Exercise aim: Output each record below exactly. No images go in the copy.

(Collection entries)

§ §

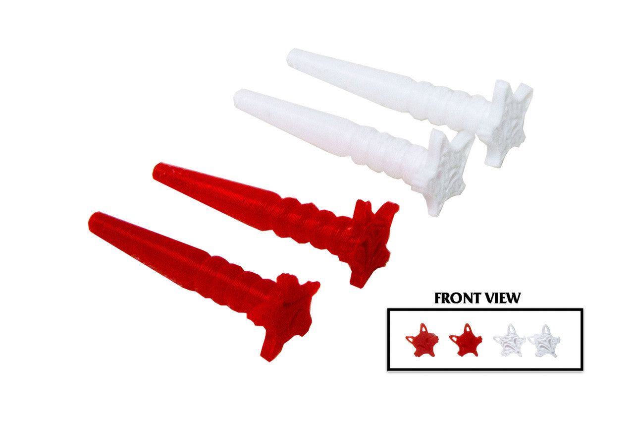 Includes two red fox pegs, and two white fox pegs, which set right into the top of the case.
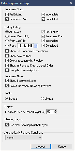 History Listing: Specifies which treatment status and date range to display in the Odontogram’s Descriptive display (treatment history box).
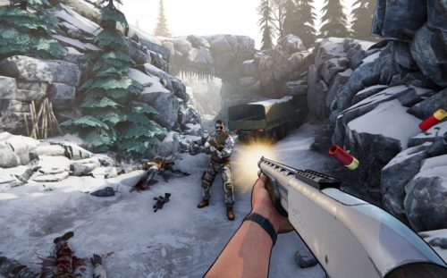 Wie zu erwarten hat sich auch das grundsätzliche Gameplay nicht verändert. Man schießt und schleicht sich durch die von Gegnern besetzten Gebiete und setzt hin und wieder ein Gadget ein. Das Waffenarsenal blieb hierbei unverändert und bietet neben Pistolen und Revolvern auch Sturmgewehre, Schrottflinten oder eine Armbrust. Um die gegnerischen Einrichtungen zu infiltrieren, stehen uns zudem etwa ein Diedrich oder ein Enterhaken zur Verfügung. Das Problem hier? Die Steuerung! Denn diese ist im Vergleich zum Original total misslungen und es fühlt sich einfach nicht gut an den Enterhaken zu benutzten. Die Schussgefechte machen übrigens auch keinen Spaß und das liegt nicht an der Mechanik, denn die ist eigentlich grundsolide. Aber die Gegner KI ist miserabel geworden. Die Feinde rennen wild durcheinander oder bleiben an bestimmten Stellen hängen. Das ist wohl auch den Entwicklern klar gewesen. Denn es wurden gefühlt deutlich mehr Gegner in den Level verteilt, was die Schwierigkeit deutlich und künstlich anhebt. Außerdem werden wir beim schleichen viel zu leicht entdeckt und wir müssen dann oft vom nächsten Checkpoint starten. Hier stören dann die wirklich langen Ladezeiten. So macht das einfach keinen Spaß.
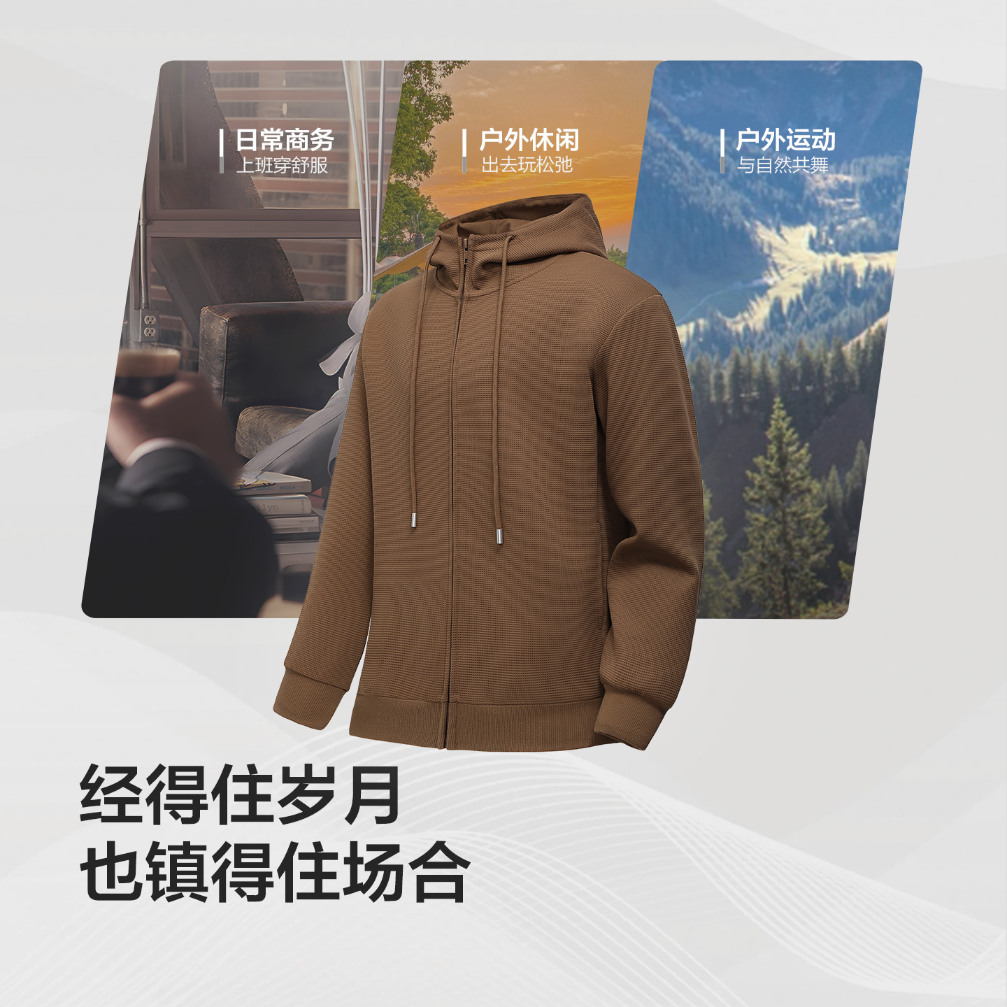 红豆开衫连帽外套男2025年春秋款华夫格重磅卫衣纯色夹克上衣PC
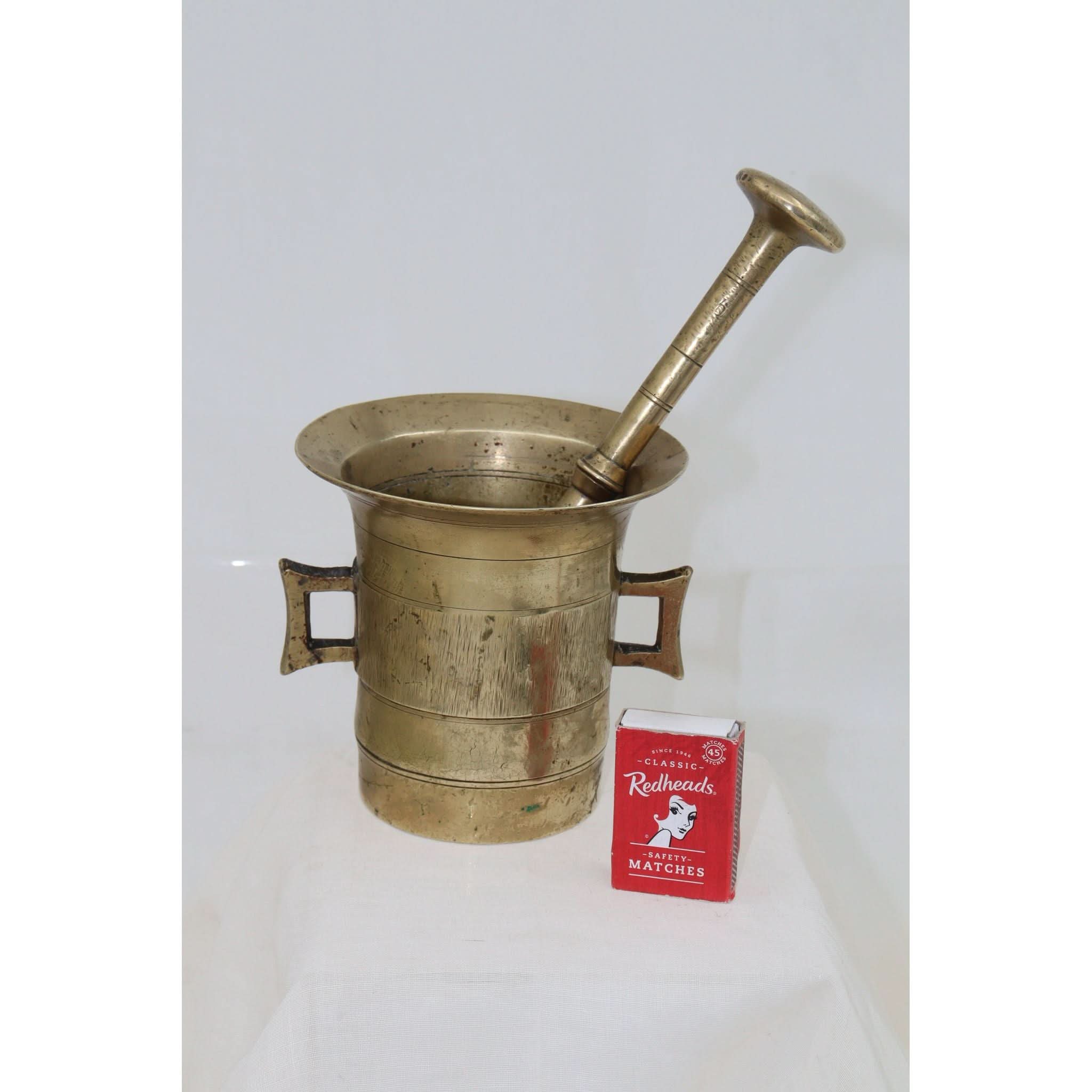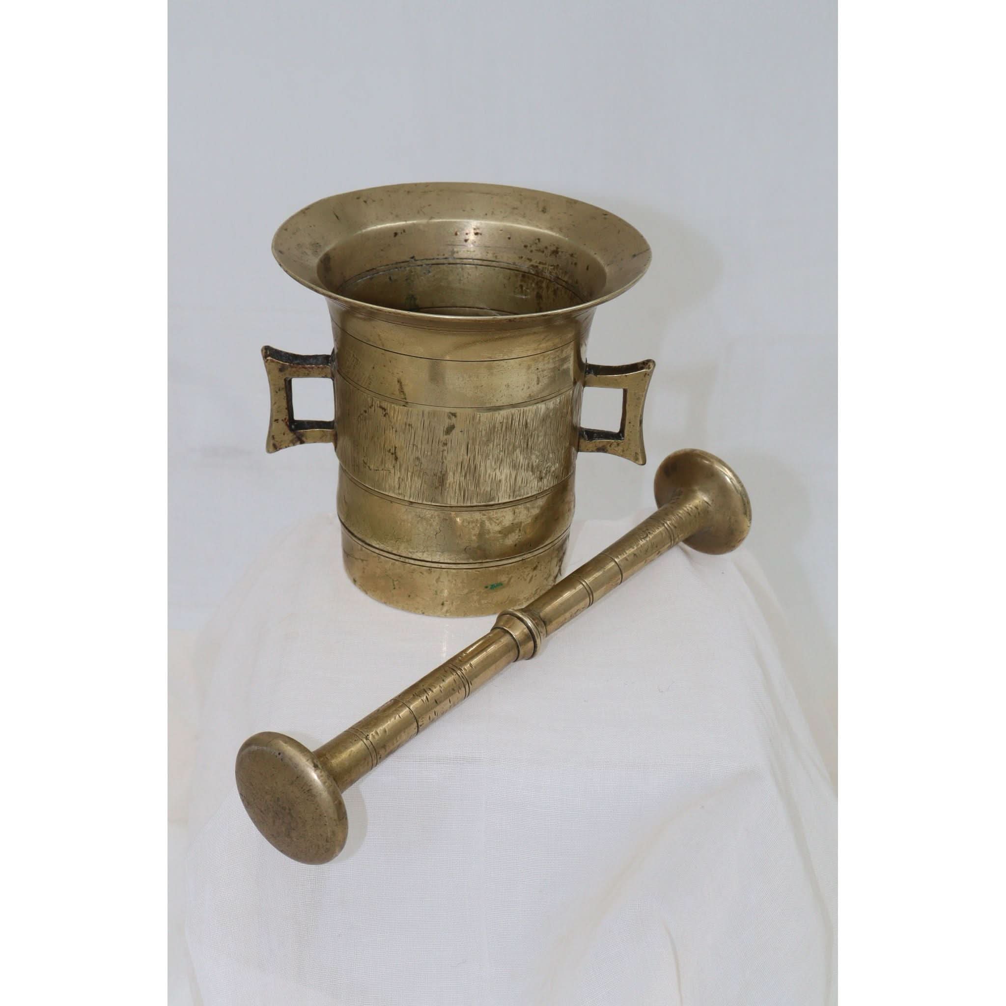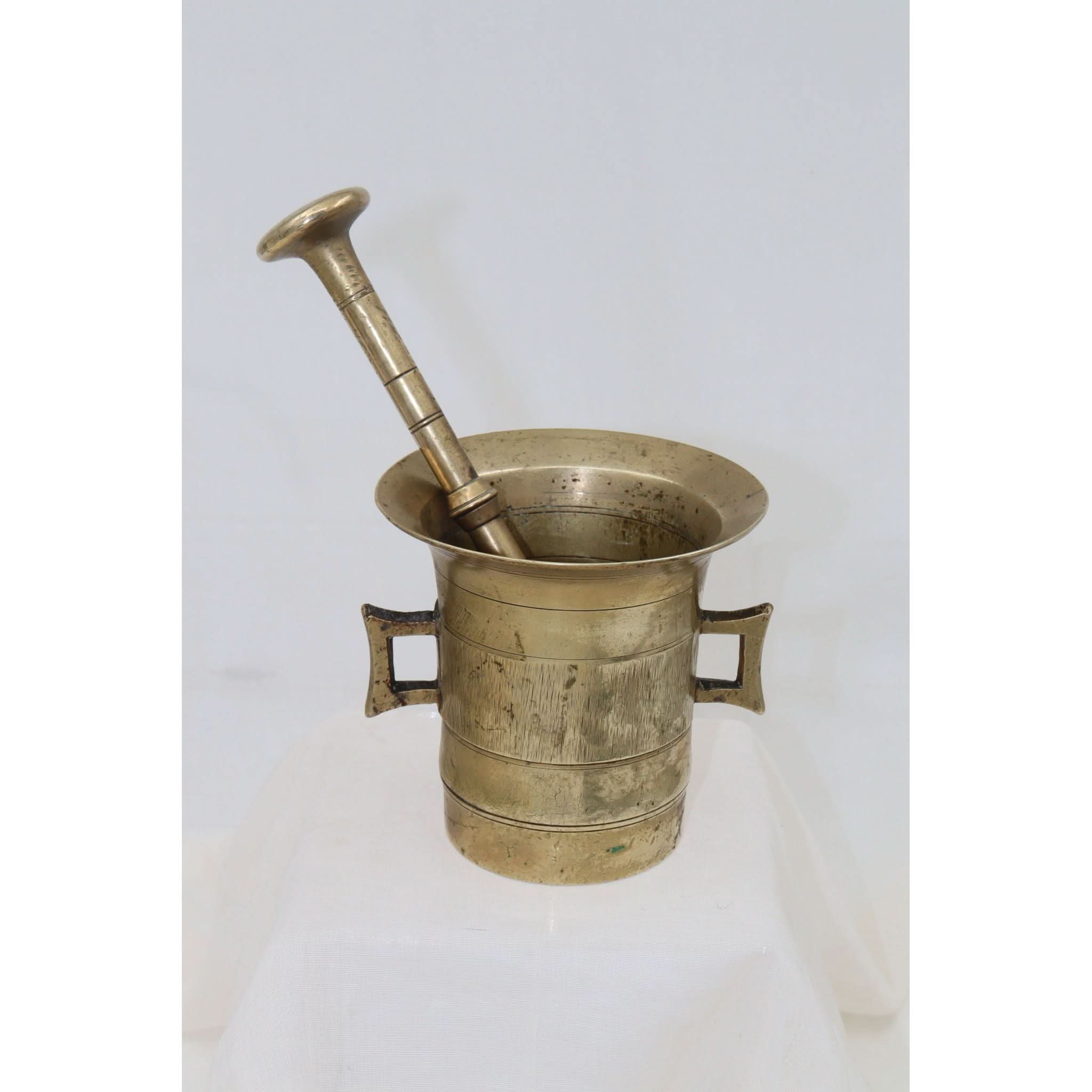 This very decorative antique brass mortar and pestle could also be put to use in the kitchen grinding herbs and spices. The mortar stands 120 mm (4.75 inches) high with a diameter of 120 mm (4.75 inches) at the top. The pestle measures 205 mm (8.5 inches) in length and is 40 mm (1.5 inches) across the rounded ends. The combined weight is 1.4 kgs. It would probably date from the last half of the nineteenth century.

§ §

Your solution:
 Includes two red fox pegs, and two white fox pegs, which set right into the top of the case.
 History Listing: Specifies which treatment status and date range to display in the Odontogram’s Descriptive display (treatment history box).
 Wie zu erwarten hat sich auch das grundsätzliche Gameplay nicht verändert. Man schießt und schleicht sich durch die von Gegnern besetzten Gebiete und setzt hin und wieder ein Gadget ein. Das Waffenarsenal blieb hierbei unverändert und bietet neben Pistolen und Revolvern auch Sturmgewehre, Schrottflinten oder eine Armbrust. Um die gegnerischen Einrichtungen zu infiltrieren, stehen uns zudem etwa ein Diedrich oder ein Enterhaken zur Verfügung. Das Problem hier? Die Steuerung! Denn diese ist im Vergleich zum Original total misslungen und es fühlt sich einfach nicht gut an den Enterhaken zu benutzten. Die Schussgefechte machen übrigens auch keinen Spaß und das liegt nicht an der Mechanik, denn die ist eigentlich grundsolide. Aber die Gegner KI ist miserabel geworden. Die Feinde rennen wild durcheinander oder bleiben an bestimmten Stellen hängen. Das ist wohl auch den Entwicklern klar gewesen. Denn es wurden gefühlt deutlich mehr Gegner in den Level verteilt, was die Schwierigkeit deutlich und künstlich anhebt. Außerdem werden wir beim schleichen viel zu leicht entdeckt und wir müssen dann oft vom nächsten Checkpoint starten. Hier stören dann die wirklich langen Ladezeiten. So macht das einfach keinen Spaß.
 红豆开衫连帽外套男2025年春秋款华夫格重磅卫衣纯色夹克上衣PC
 This very decorative antique brass mortar and pestle could also be put to use in the kitchen grinding herbs and spices. The mortar stands 120 mm (4.75 inches) high with a diameter of 120 mm (4.75 inches) at the top. The pestle measures 205 mm (8.5 inches) in length and is 40 mm (1.5 inches) across the rounded ends. The combined weight is 1.4 kgs. It would probably date from the last half of the nineteenth century.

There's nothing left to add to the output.